GIVEN RECORDS section start

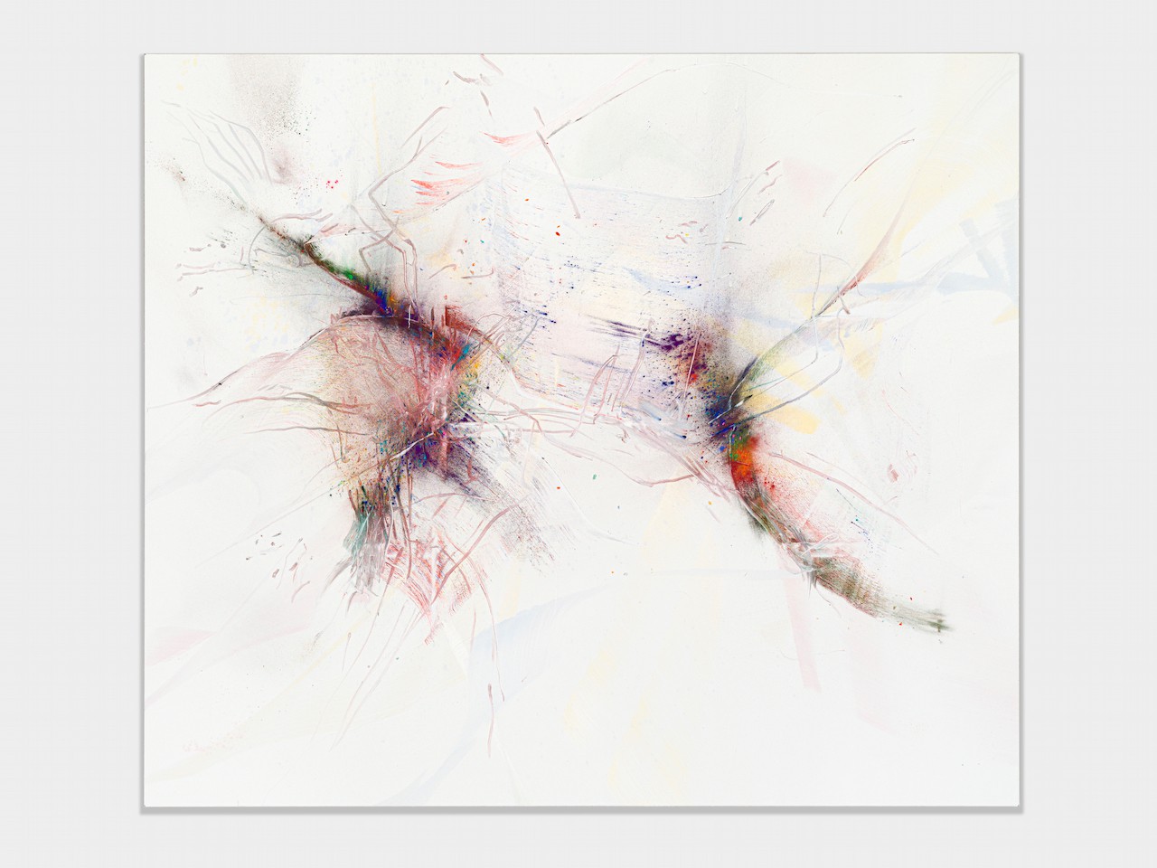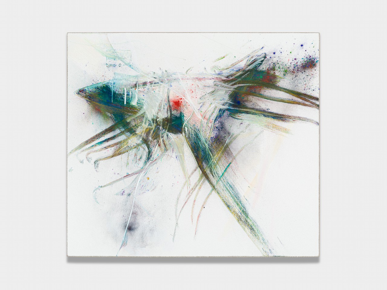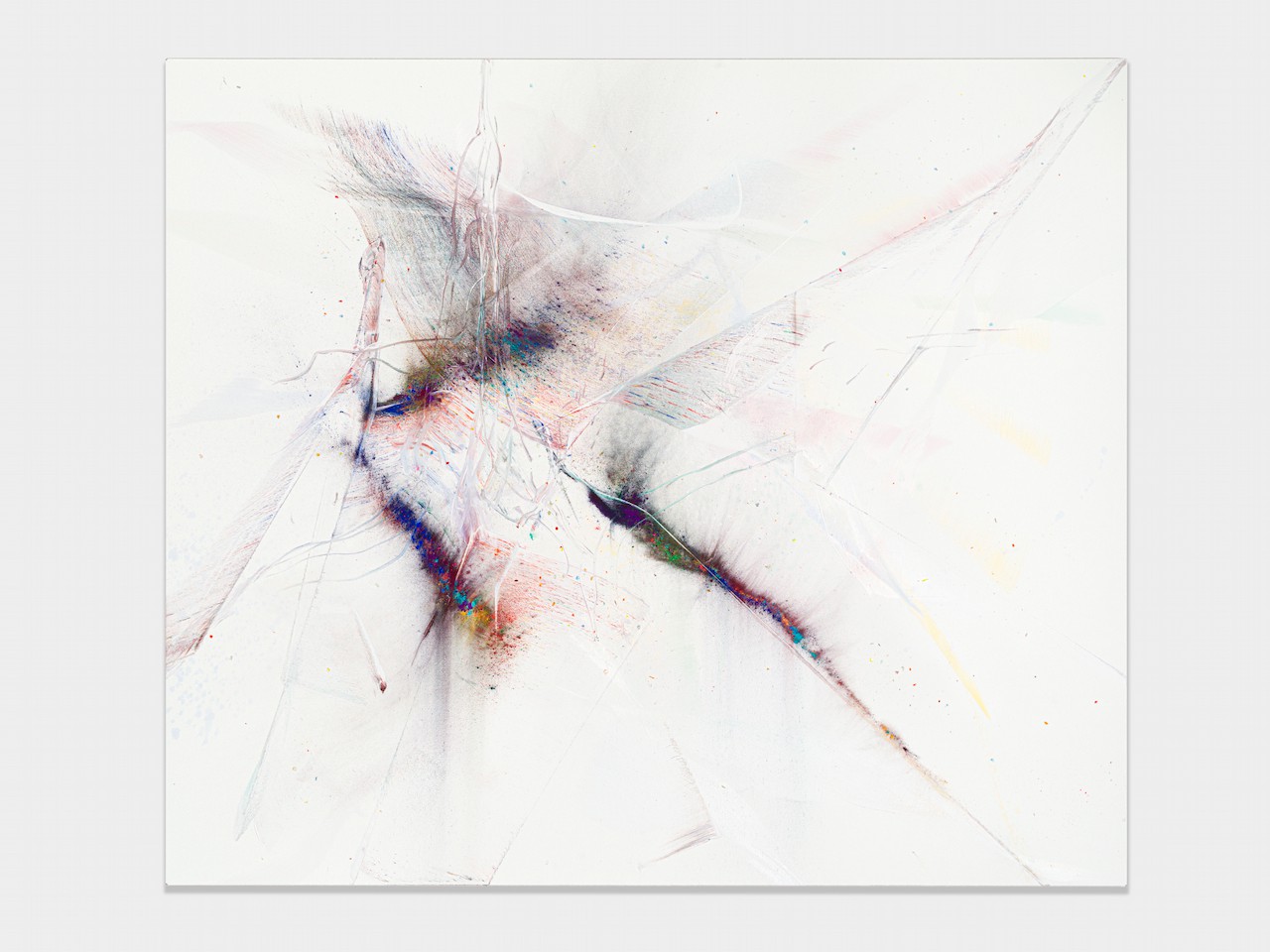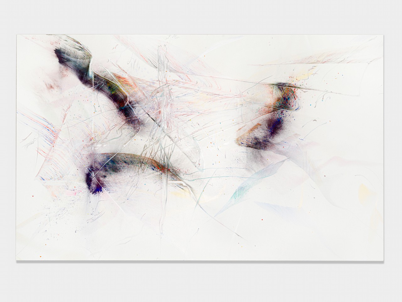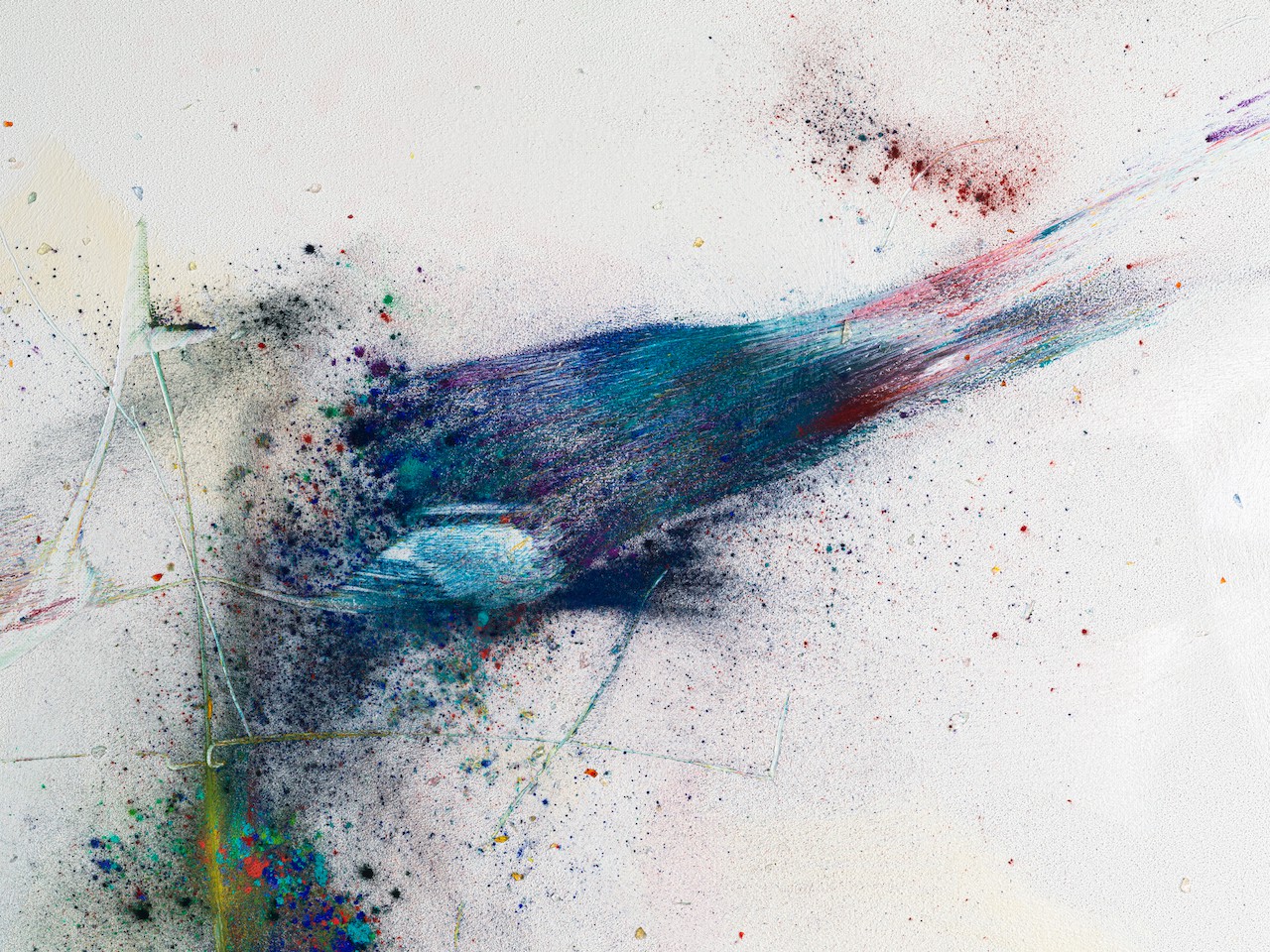neugerriemschneider is pleased to present Thilo Heinzmann’s second exhibition with the gallery. On view in our Christinenstrasse space, Playing Slowies comprises a selection of new works that expand upon Heinzmann’s pigment paintings, exploring for the first time the correlation between outsized scale and methodology. Here, compositions feature unbound pigments in their powdered form and fragments of glass as they dash across textured fields in gestures that are at once meticulously calculated and inevitably subject to chance. Singular in their approach to mark making and unique navigation of proportion, they are collections of light, speed, motion and energy, that capture these aspects as they amalgamate to shape new modes of conceptualizing pictorial space.
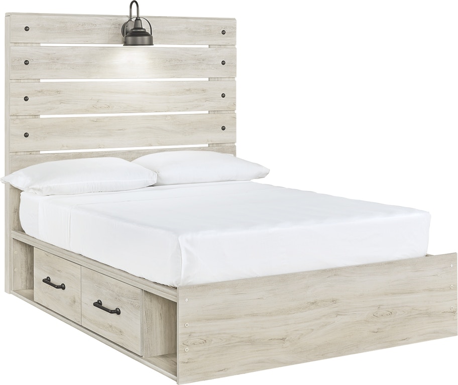 What a delightful take on rustic industrial style. Whether modern loft or modern farmhouse, this full panel storage bed makes itself at home. The wispy whitewash palette enhances without covering the grain for that weathered look you crave.Read More
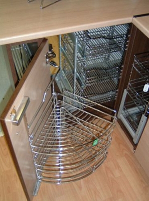 És hogy a számtalan konyhai eszköz, berendezés tárolása se okozzon gondot, a sarokszekrény maximális kihasználhatóságára forgatható-kihúzható szekrénybelsőt alkalmaztunk. Ez a megoldás ugyan nem tartozik az olcsó lehetőségek közé, de olyan helyeket, területeket is hasznossá tud tenni, melyek egyébként csak üresen tátonganának az egyébként szűkös konyhában.
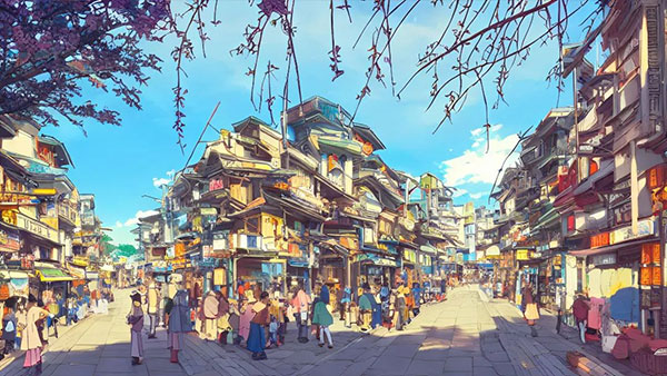 2、输入:街道,热闹的人群,色彩鲜明,石砖路,宫崎骏风
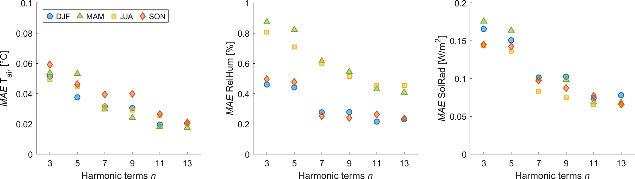 Figure 3Seasonal mean absolute error (MAE) between historical timeseries and timeseries smoothed with n harmonic terms for air temperature (left), relative humidity (middle) and solar radiation (right).
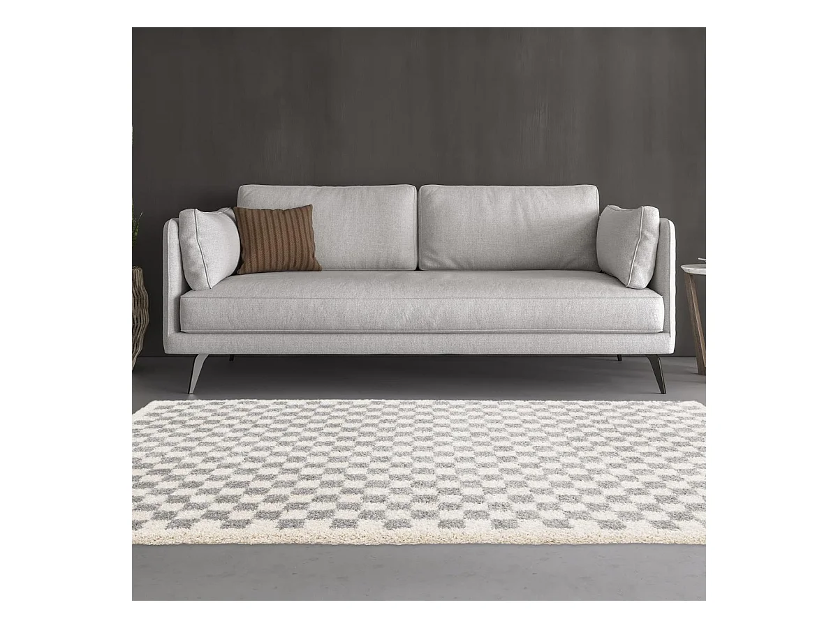 Tapis shaggy 200x290 rectangle tissé gris et beige motif géométrique AVANTE
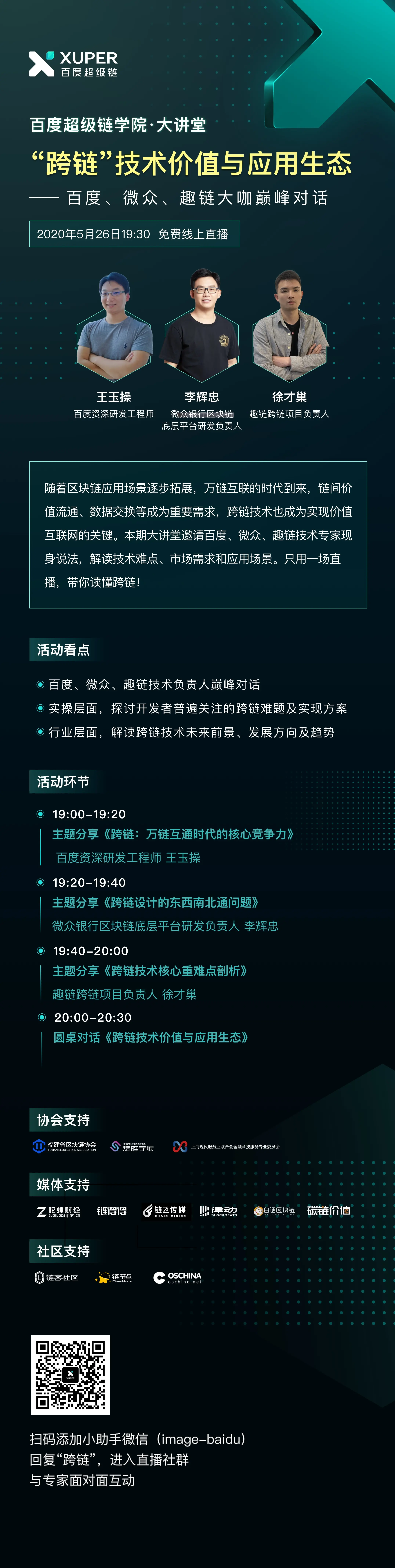 添加小助手微信(image-baidu),回复“跨链”,进入直播社群,与专家面对面互动。
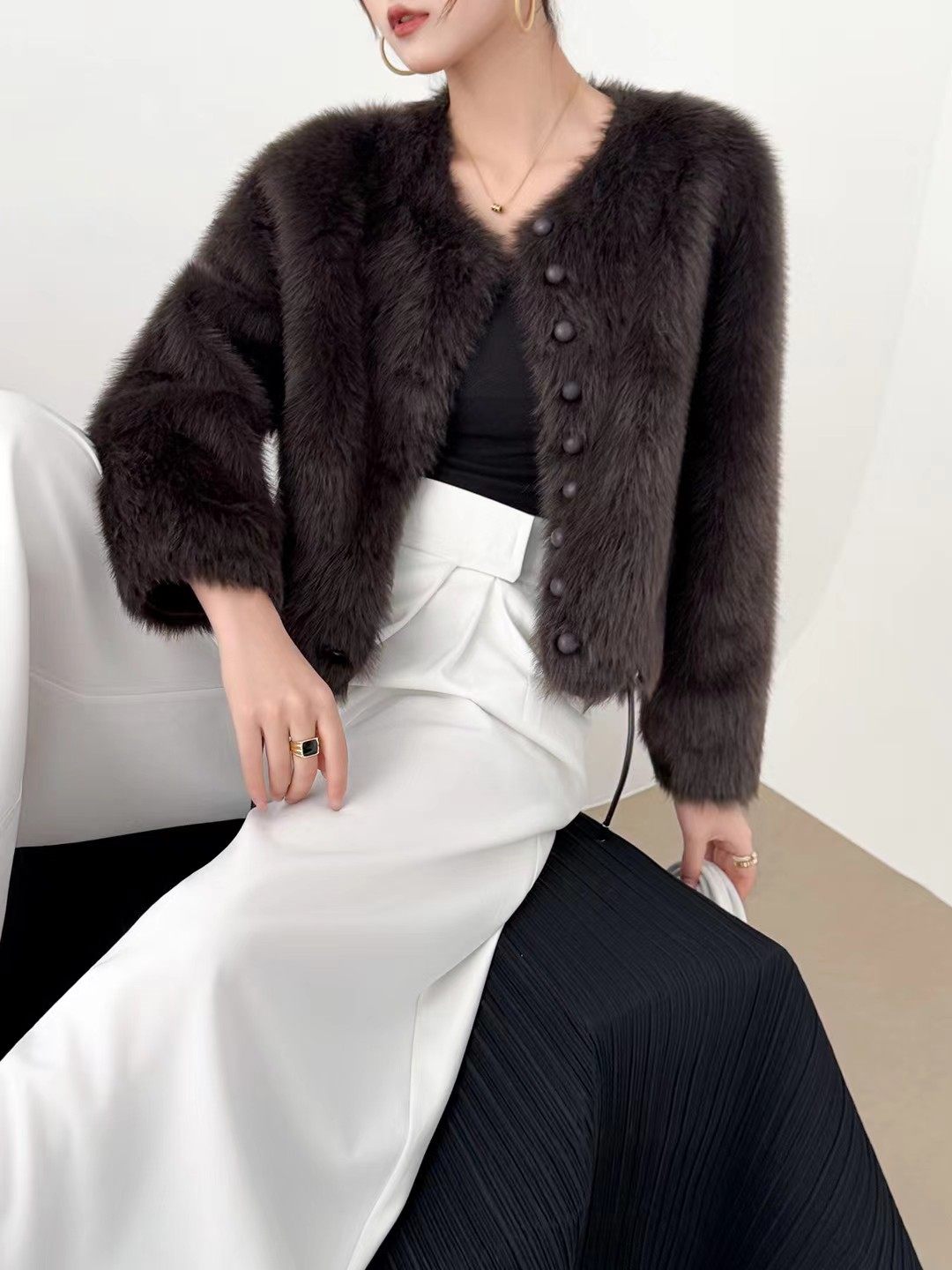 2026冬季新款女士带钻插扣皮草外套
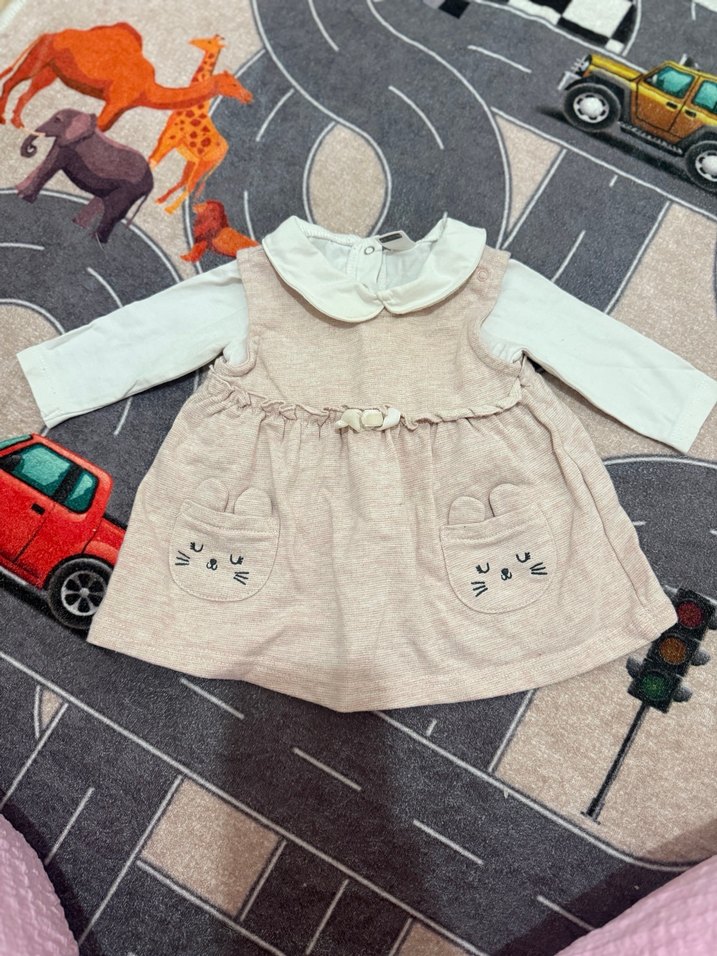 Bej renkli, uzun kollu, yakalı ve bol kesim örme kız bebek elbisesi. Ceplerde kedi yüzü nakışı vardır. Yumuşak ve sıcak kumaştan yapılmıştır. Hafif simlidir

GIVEN RECORDS section end

DESCRIPTION OF THE TASK
Pictures do not go in the copy. Write out exactly the lines from the line containing "2026冬季新款女士带钻插扣皮草外套" through the last line of the listing.

SOLUTION TO THE PROBLEM
 2026冬季新款女士带钻插扣皮草外套
 Bej renkli, uzun kollu, yakalı ve bol kesim örme kız bebek elbisesi. Ceplerde kedi yüzü nakışı vardır. Yumuşak ve sıcak kumaştan yapılmıştır. Hafif simlidir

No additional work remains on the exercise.